Ich kann nicht sagen, was Nvidia mit seinen RAIDs macht - aber wenn man eine RAID1 Platte von einem Intel-Controller nimmt, wird sie an einem anderen Controller als eigenständige erkannt. Sogar wenn man Matrix-RAID genutzt hat, klappt das mit dem ersten Verbund (wenn er RAID1 ist. Was irgendwie n bissl sinnlos ist, weil man ja eher den langsamen Teil für ein Backup-1 nutzt, aber wenigstens funktioniert es meinen Tests zu Folge).
Innerhalb von Intel kann man dann selbst mit RAID0 umziehen.


----------



## NCphalon (20. Februar 2011)

*AW: RAID 1 "umziehen" möglich?*

Eigentlich gibts ja auch bei Raid1 nix zu organisieren, es wird ja einfach auf beide Platten das selbe geschrieben, aber auf den Platten siehts ja so aus wie wenn die Platte die einzige im Sys wär...


----------



## ruyven_macaran (20. Februar 2011)

*AW: RAID 1 "umziehen" möglich?*

Es muss für den Controller aber nachvollziehbar sein, welche Platte wohin gehört. Zumindest Intel speichert diese Informationen auf der Platte (-> der Verbund bleibt auch bei Umstecken oder Boardwechsel intakt). Das hindert zwar andere Controller nicht daran, sie zu erkennen, aber es würde einen Intel-Controller daran hindern, fremde Platten wieder als RAID1 zu erkennen. Neueinrichtung wäre unumgänglich. Wobei ich gerade nicht weiß, ob man einen RAID1 ohne Datenverlust reinrichten kann. Technisch sollte es ja eigentlich möglich sein)


----------



## NCphalon (20. Februar 2011)

*AW: RAID 1 "umziehen" möglich?*

Ja un mehr als Neueinrichtung muss ma ja auchnet verlangen.

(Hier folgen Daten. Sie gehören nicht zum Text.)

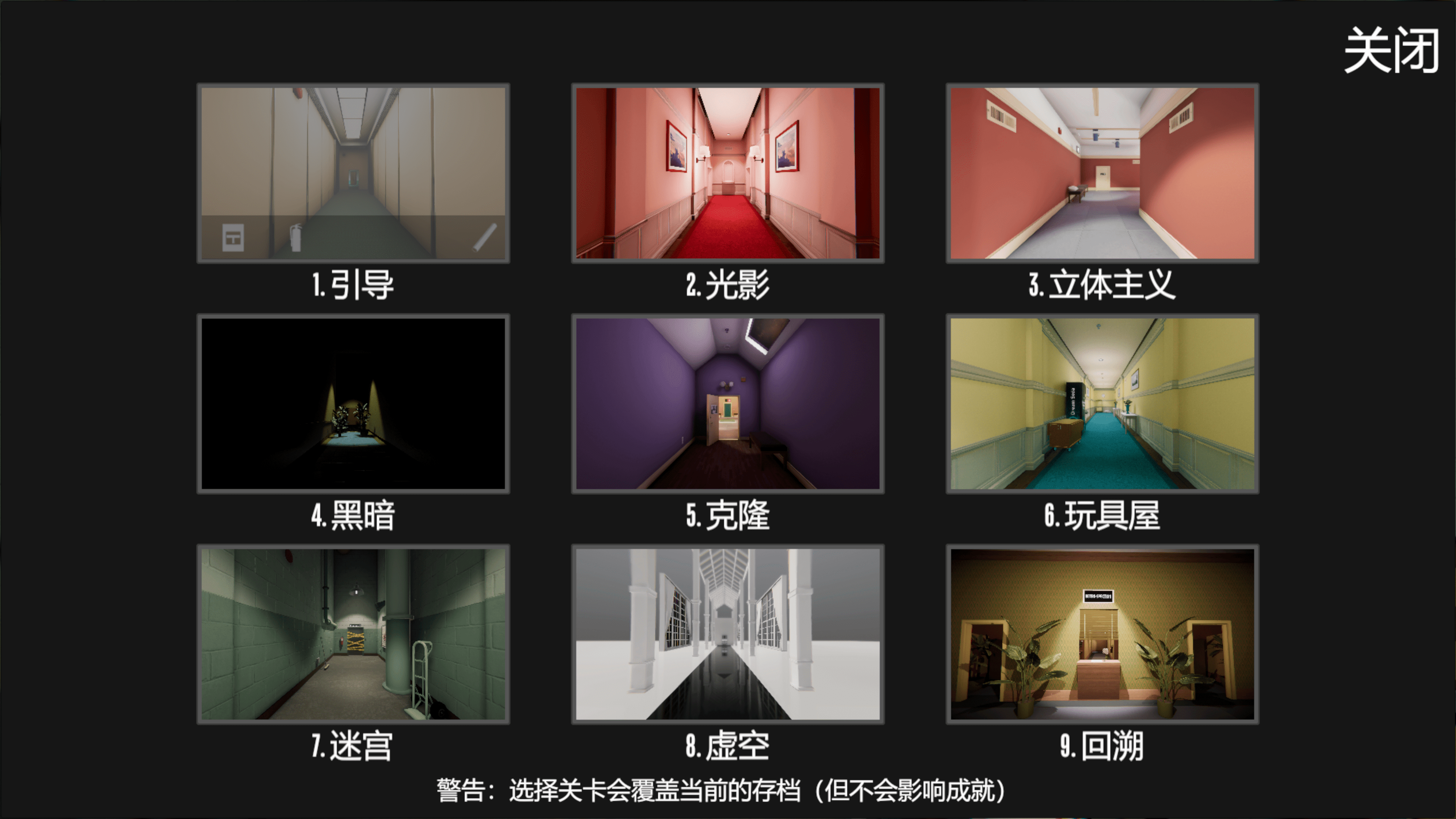 其次,游戏加入了很多没有必要的,带有恐怖暗示的元素。比如游戏中经常出现高空坠落的场景,有些甚至是突然发生的。而且纯色干净的墙上无缘无故会有红色的油漆!恐怖的设计在“黑暗”这一大关卡中尤其明显,这里有闪烁的灯,红色的光,杂乱的物品。我在玩的时候真的很想跳过这些关卡!我不明白为什么要这样设计,事后来看这些设计也完全没有增加游戏的可玩性和关卡的趣味性。本来游戏的定位是休闲娱乐向的解谜,加入这些元素非常不合时宜。更不合理的是,出现这些元素的时候,还放着舒缓的音乐。倒不是说这些设计不好,只是用错了地方,如果这是一款恐怖探险游戏(比如具有“后室”后室是一个由随机产生、大小不一的房间组成的办公室迷宫。其具体表现形式为“阴森、无人居住空间的图像”。风格游戏),这些设计就很加分。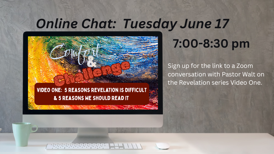 CLICK HERE to sign up for an Online Chat with Pastor Walt on his Video One for the Revelation study.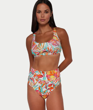 Body: 87% Recycled Nylon, 13% Spandex. Lining: 88% Polyester, 12% Spandex. Ribbed Fabric: 92% Nylon, 8% Spandex.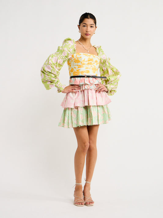 Coveted for its fitted waist and tiered ruffle mini skirt, Coco girls are coveting this mini for birthday celebrations, garden parties and wedding festivities.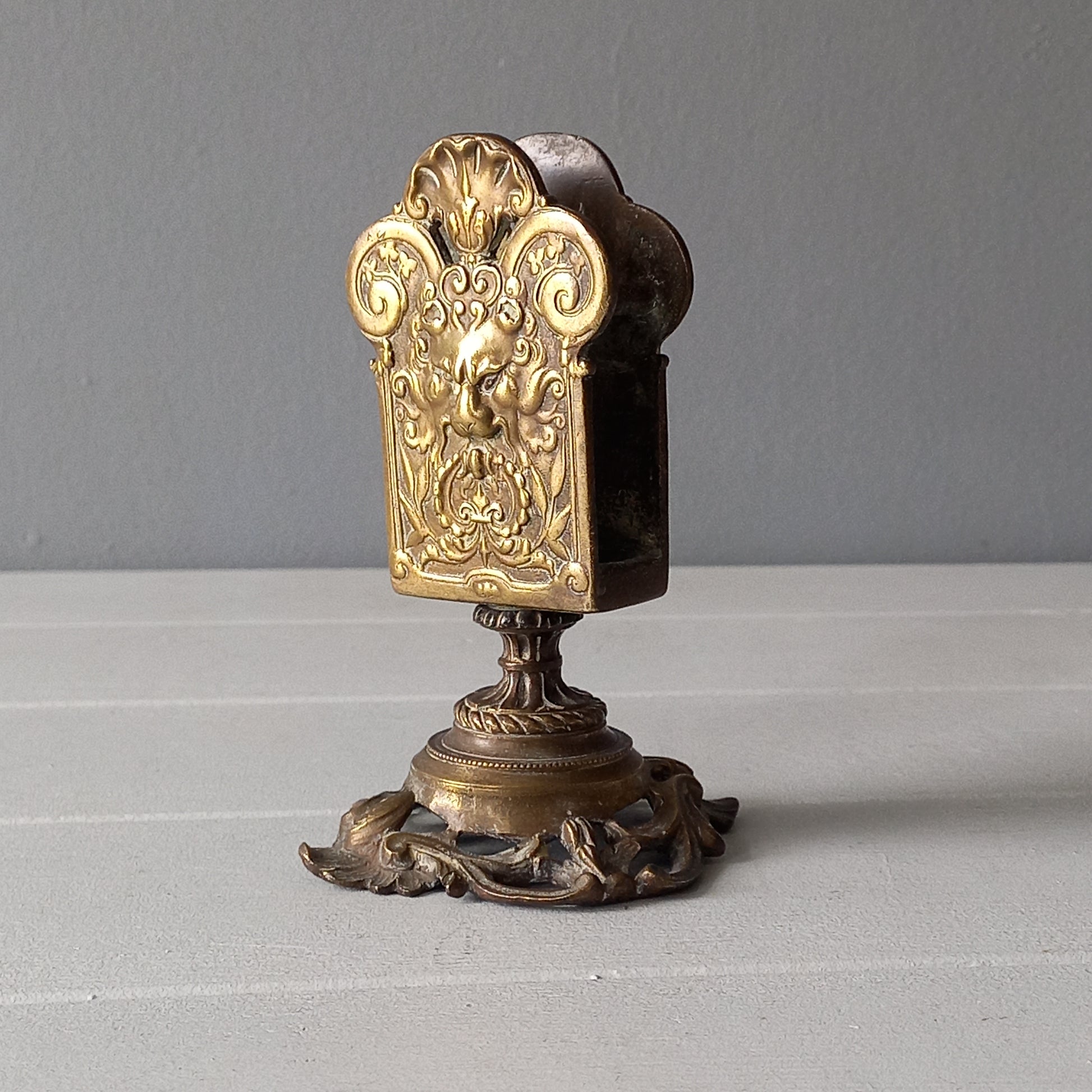 Support de boîte d'allumettes antique en laiton, décor de bureau en bronze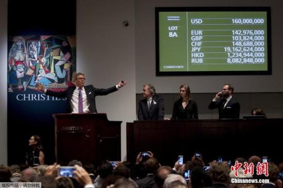 当地时间2015年5月11日,美国纽约,纽约佳士得开拍毕加索完成于1955年的名画《阿尔及尔女人(O版)》,经过激烈竞拍,该幅作品拍得1.793亿美元的高价,远远超过它1.4亿的估价。而这个价格也打破了诸多名画的竞拍记录。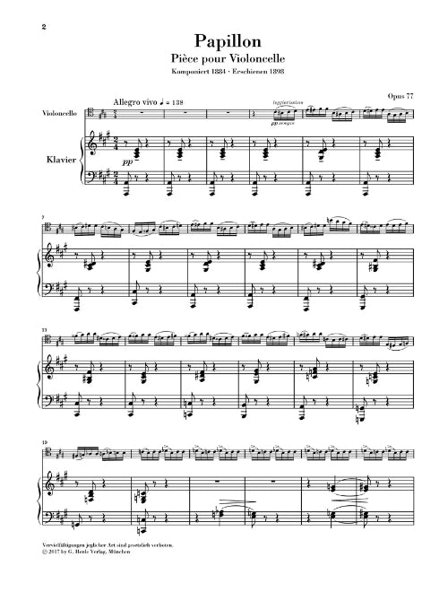 After the great success of his Élégie, Fauré's publisher Hamelle urged him to write another, similarly effective piece for cello and piano. Papillon was probably already composed in 1884, though it was only published in 1898. Whereas Fauré just wanted to call it Piece for Violoncello, his publisher insisted on a more evocative title, and ultimately succeeded in giving it its present name (meaning butterfly). But Fauré is said to have been indignant, remarking: Butterfly or dung fly - use whatever you want. The success of the work proved Hamelle right - Papillon is today just as popular with cellists as the Élegie, and is now available as a Henle Urtext edition.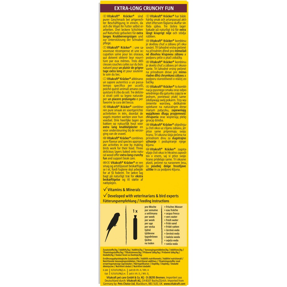Крекер з фруктами для хвилястих папуг - смачне і корисне доповнення до основного раціону вихованця. Ласощі є додатковим джерелом вітамінів і мінералів. Підтримує оптимальний стан хвилястих папуг і задовольняє їх потребу у сточуванні дзьоба. Виготовлений за унікальною технологією триступеневого запікання і не містить цукру. В упаковці 2 крекери.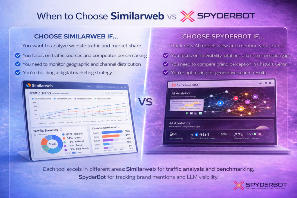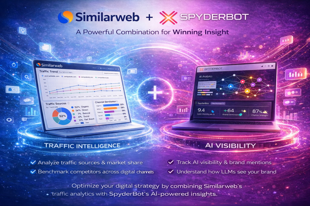 Tags: AI brand mention tracking, AI brand monitoring, AI search analytics tool, AI search competitor monitoring, AI visibility tracking, digital intelligence vs AI visibility, generative engine optimization tool, GEO vs traffic analytics, LLM visibility tracking tool, SEO vs AI search optimization, Similarweb alternatives, Similarweb vs AI tools, SpyderBot vs Similarweb, traffic analytics vs AI analytics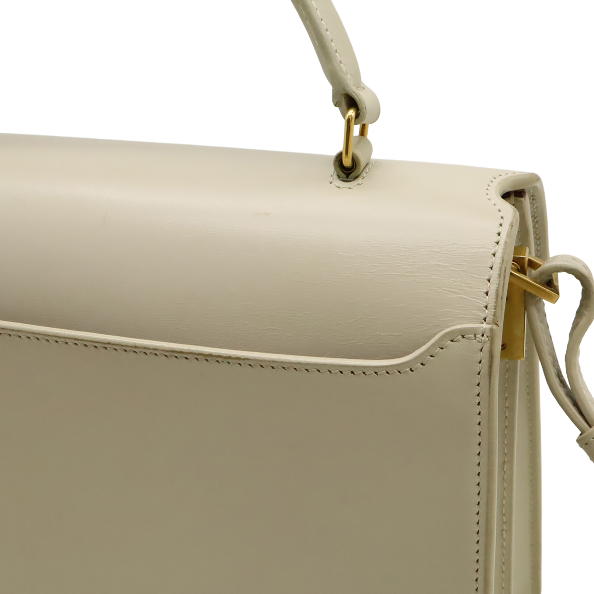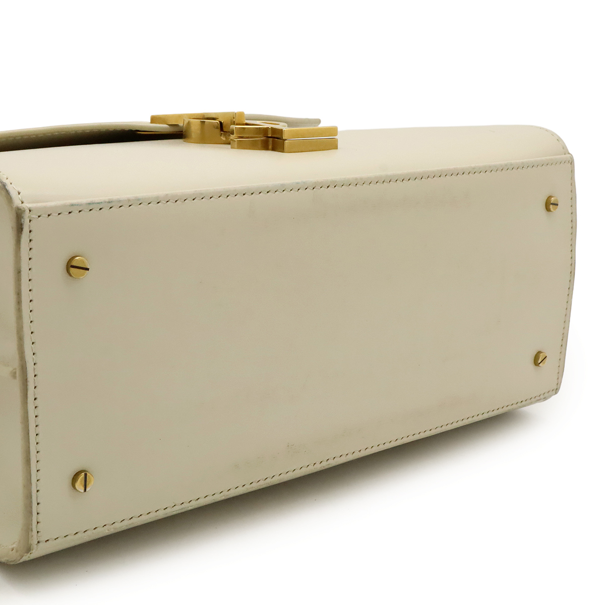 SAINT LAURENT PARIS Yves Saint Laurent Cassandra top handle handbag with 2-way shoulder strap in white leather (578000)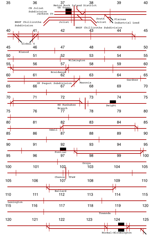Track diagram as the line existed around 1975, when sidings existed between Joliet and Mazonia. CTC was installed between Chicago and Joliet around 2000.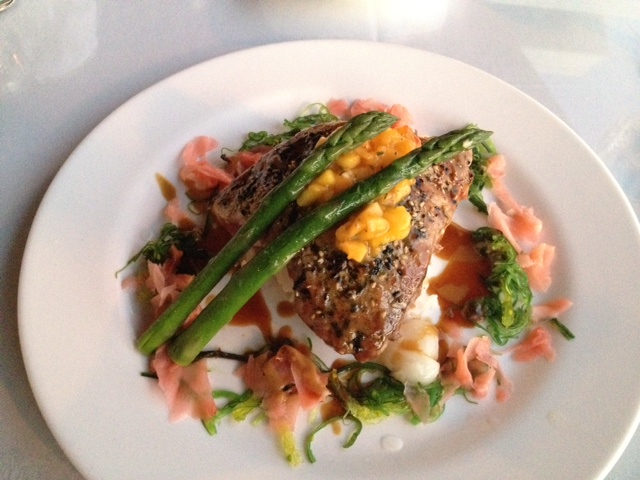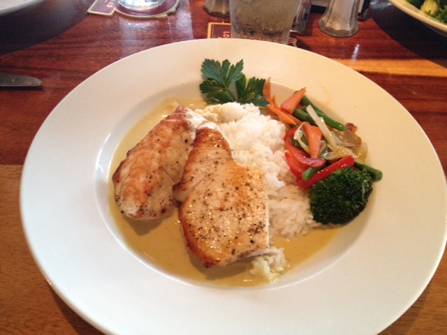 They always have a few fresh fish selections and it is nice because they offer them prepared three ways. I chose the Thai green curry sauce, but it was also offered with a lemon caper sauce or on a bed of greens with green papaya and a peanut miso vinaigrette (what Hubby ordered).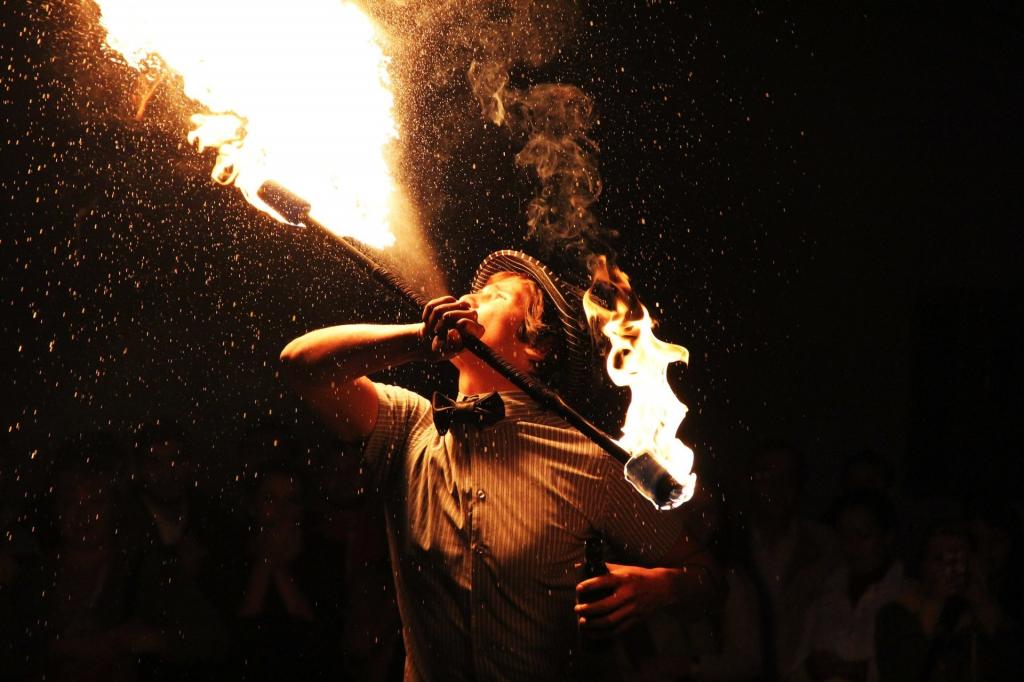 Но не стоит забывать, что фаер шоу это огненное шоу и соблюдение мер безопасности обязательно. Так что возлияние горячительного придется отложить до завершения выступления, а то из крутильщика огня легко превратится в выдувальщика или тушильщика.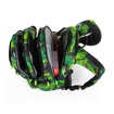 Zielono-czarny zestaw tornistra i plecaka dla uczniów od 4 klasy, którzy potrzebują miejsca na wiele rzeczy. Posiada trzy przestronne przegrody z wyściełaną przegrodą na laptopa 15" i mnóstwem mniejszych kieszeni na różne przedmioty. Kieszenie boczne mogą również pomieścić butelkę o pojemności 1,5 litra. Tył plecaka ma anatomiczny kształt i jest miękko wyściełany. Podobnie jak szelki naramienne. W małej komorze znajduje się organizer i wyjmowany klips na klucze. Po bokach znajdują się paski kompresyjne do regulacji głębokości plecaka lub mocowania butelki. Oczywiście są też elementy odblaskowe. Dlaczego Tornister 23 jest odpowiednim plecakiem dla Twojego dziecka Ma na uwadze zdrowe plecy dzieci - jest anatomicznie ukształtowany. Jest wygodny w noszeniu - plecy i ramiączka mają wygodną wyściółkę z siatki 3D. Długość pasków można łatwo regulować. W porównaniu z innymi plecakami (np. Digital lub Energy) plecak jest bardziej wytrzymały. Zalecamy zakup klamry na klatkę piersiową, aby utrzymać paski prawidłowo na ramionach. Posiada trzy główne przegrody. Główna komora może pomieścić duże teczki, zeszyty A4, a wyściełana kieszeń ma miejsce na tablet lub laptop do 15". U góry znajduje się pasek na rzep do zabezpieczenia laptopa wewnątrz. Saszetka i pudełko na przekąski znajdują miejsce w środkowej komorze. Butelka z napojem ma miejsce w bocznych kieszeniach. Wystarczy ją rozpiąć i włożyć do siateczkowego woreczka wewnątrz. Większe butelki (np. 1,5 l) zaleca się zabezpieczyć bocznym paskiem. Boczny pasek kompresyjny służy do regulacji głębokości plecaka. W przedniej komorze znajduje się poręczny organizer na telefon komórkowy, słuchawki, przybory do pisania oraz kieszeń z wyjściem na power bank. W górnej części tej komory znajduje się odpinany klips z karabińczykiem na klucze. Spód jest wyściełany i zszyty. Dzięki elementom odblaskowym (z przodu i z tyłu) plecak, a tym samym uczeń, są widoczni w ciemności. Materiały użyte do produkcji tego plecaka uczniowskiego spełniają normy UE w zakresie bezpieczeństwa. W tylnej komorze wszyta jest plakietka z imieniem. Uczeń może zapisać na nim swoje imię i nazwisko oraz dane kontaktowe za pomocą markera alkoholowego lub zmywalnego na wypadek utraty 3-letniej gwarancji na plecak. Tkanina na części z nadrukiem jest cięta z rolki, więc rozkład kolorów może się różnić (może różnić się od plecaka na zdjęciu). Torba w przedniej komorze, którą widać na niektórych zdjęciach, nie jest dołączona do plecaka. Można go kupić w kategorii akcesoria. Piórnik, niezbędny towarzysz na cały rok szkolny Piórnik został zaprojektowany tak, aby pomieścić wszystko, czego potrzebujesz na lekcjach czeskiego, matematyki i plastyki.Jednocześnie każde narzędzie będzie miało swoje miejsce - przybory do pisania należą do 20 gumowych uchwytów, kompasy, gumki, linijki i zakreślacze mają miejsce pod przegrodą z uchwytami, a na spodzie pokrywy znajdują się przegródki i kieszenie na dokumenty, karty lub fiszki.Zamek błyskawiczny, który utrzymuje zawartość razem po zapięciu, nie zaczepia się i ma wysokiej jakości ząbki odporne na zaczepy. Dlaczego warto wybrać ten zestaw? Zmieścisz w nim laptopa, przybory do nauki i rzeczy na popołudniowe kółko zainteresowań. Poza trzema głównymi przegrodami ma też małe kieszenie boczne, w których można schować wiele drobnych przedmiotów. Dzięki odważnemu zielonemu motywowi będziesz zawsze widoczny w ciągu dnia, a wieczorem dzięki elementom odblaskowym. W etui można układać kredki, flamastry, nożyczki i przybory do rysowania. Plecak jest również idealnym partnerem do ćwiczeń sportowych i gier. Pomieści ubrania, dobrą przekąskę i duży napój.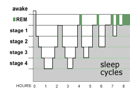 The brain cycles through these rate and amplitude changes throughout the course of the night, only hitting REM sleep in the later cycles.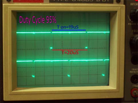 Senza nessun carico applicato,il tempo di Ton e' del 95% questo significa che in uscita avremo una tensione massima di circa 13V: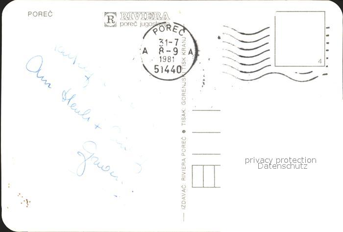 old postcard Porec Fliegeraufnahme postalisch gelaufen Erhaltung siehe scans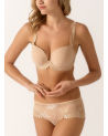 Le soutien-gorge coque avec armatures de Thalia offre un décolleté plongeant et totalement invisible sous les vêtements. Pureté et raffinement sont ici parfaitement symbolisés. La broderie en application décore joliment la bretelle et souligne élégamment la basque.
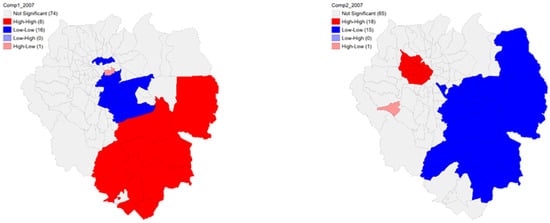 LISA cluster map for MDI 2007 component one [LHSS] on the left and component two [HEPSV] on the right.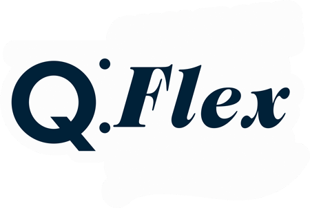 Animated logo for Q.Flex Etiquetas, revealing the slogan 'Qualidade é na Q.Flex Etiquetas' (Quality is at Q.Flex Labels).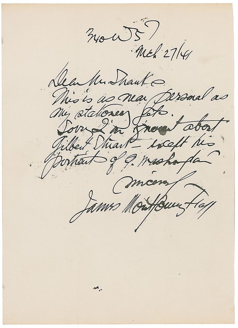 ALS, one page, 8 x 11, March 27, 1941. Letter to Mr. Shanks. In full: “This is as near personal as my stationery gets. Sorry I’m ignorant about Gilbert Stuart—except his portrait of G. Washington.” In fine condition, with intersecting folds, two through single letters of signature, and a few ink blots and marks from Flagg’s bold pen.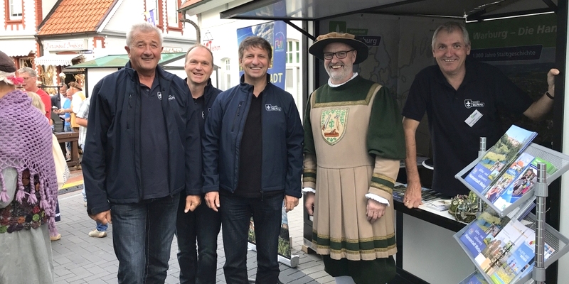 Haselünne/Warburg (red). Der diesjährige Westfälische Hansetag fand zeitgleich mit dem 19. Korn- und Hansemarkt in der niedersächsischen Stadt Haselünne statt. Hierzu waren die 49 Delegationen und Freunde aus den westfälischen Hansestädten eingeladen, um sich wieder einmal auszutauschen und den zahlreichen Besucherinnen und Besuchern ihre Hansestädte zu präsentieren. Auch das gemeinsame Feiern kam dabei nicht zu kurz. Ebenso herrschte ein reges Treiben auf dem 19. Korn- und Hansemarkt der Stadt Haselünne. Seit über 30 Jahren lockt der alle zwei Jahre stattfindende Historische Korn- und Hansemarkt viele begeisterte Gäste in die Mauern der ältesten Stadt des Emslandes und fordert Groß und Klein zum Staunen und Mitmachen auf. Zwei Tage bevölkerten Burgmänner in malerischen Gewandungen, vornehme Bürger in historischen Trachten, Marketenderinnen, Handwerker und Landsknechte, Musikanten und Bänkelsänger die Straßen Haselünnes und bildeten ein farbenfrohes Potpourri vergangener Zeiten. Am Stand der Hansestadt Warburg informierten Claus Chalas und Hermann Behler die interessierten Besucher über die Stadt im Diemeltal. Neben der Bewerbung der touristischen Vorzüge Warburgs besuchte die heimische Delegation, bestehend aus Bürgermeister Michael Stickeln, seinem Stellvertreter Heinz-Josef Bodemann und dem Hansebeauftragten Jörn Becker, auch verschiedene Sitzungstermine und Kongresse. So zum Beispiel die Delegiertenversammlung der Mitgliedstädte, in der wichtige Angelegenheiten der westfälischen Hanse beraten und entschieden wurden, unter anderem die Aufnahme der Städte Rheda-Wiedenbrück sowie Meppen in die Westfälischen Hanse. Zusammenfassend erlebten die Teilnehmer und Besucher des Westfälischen Hansetages bei angenehmen äußeren Bedingungen abwechslungsreiche Veranstaltungstage, an denen sich wieder einmal in vielfältiger Weise die Aktualität und Lebendigkeit des Hansegedankens offenbarte.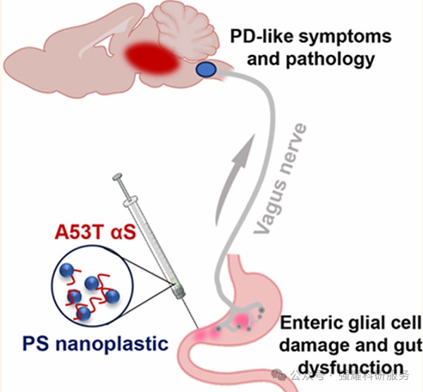 近年来,随着环境污染问题的日益严重,微塑料和纳米塑料对人类健康的潜在威胁引起了广泛关注。一篇最新的研究探讨了聚苯乙烯纳米塑料(PS nanoplastics)通过肠-脑轴加剧帕金森病(Parkinson's Disease, PD)病理机制的影响。研究表明,这些纳米塑料不仅能够加速A53T α-突触核蛋白(αS)的淀粉样聚集,还能引发一系列细胞毒性反应,并改变与PD病理生理相关的细胞代谢物谱型。

Vllt guckt er sich da auch einfach die FAT von beiden Platten an, sieht, dass alles schon da is, wo's sein soll und macht dann grad damit weiter.


----------



## ruyven_macaran (20. Februar 2011)

*AW: RAID 1 "umziehen" möglich?*

Ne FAT ist für den Controller ein x-beliebiger Haufen Daten, der auf seine Platte geschrieben wird. RAID setzt auf einem tieferen Level an.


----------



## grue (22. Februar 2011)

*AW: RAID 1 "umziehen" möglich?*

Wenn du auf Nummer Sicher gehen willst, brich den Spiegelsatz mit dem alten Controller auf, so daß du saubere Einzelplatten erhältst. Vorher DaSi, wenn die Daten nicht verloren gehen dürfen. Manche RAID-Controller zerstören bei jeder Änderung am RAID die Daten auf den Platten, weil sie die Platten quasi neu initialisieren.

Mit dem neuen Controller dann, wenn gewünscht, wieder Spiegelsatz erstellen oder die Platten als Einzelplatten verwenden.


----------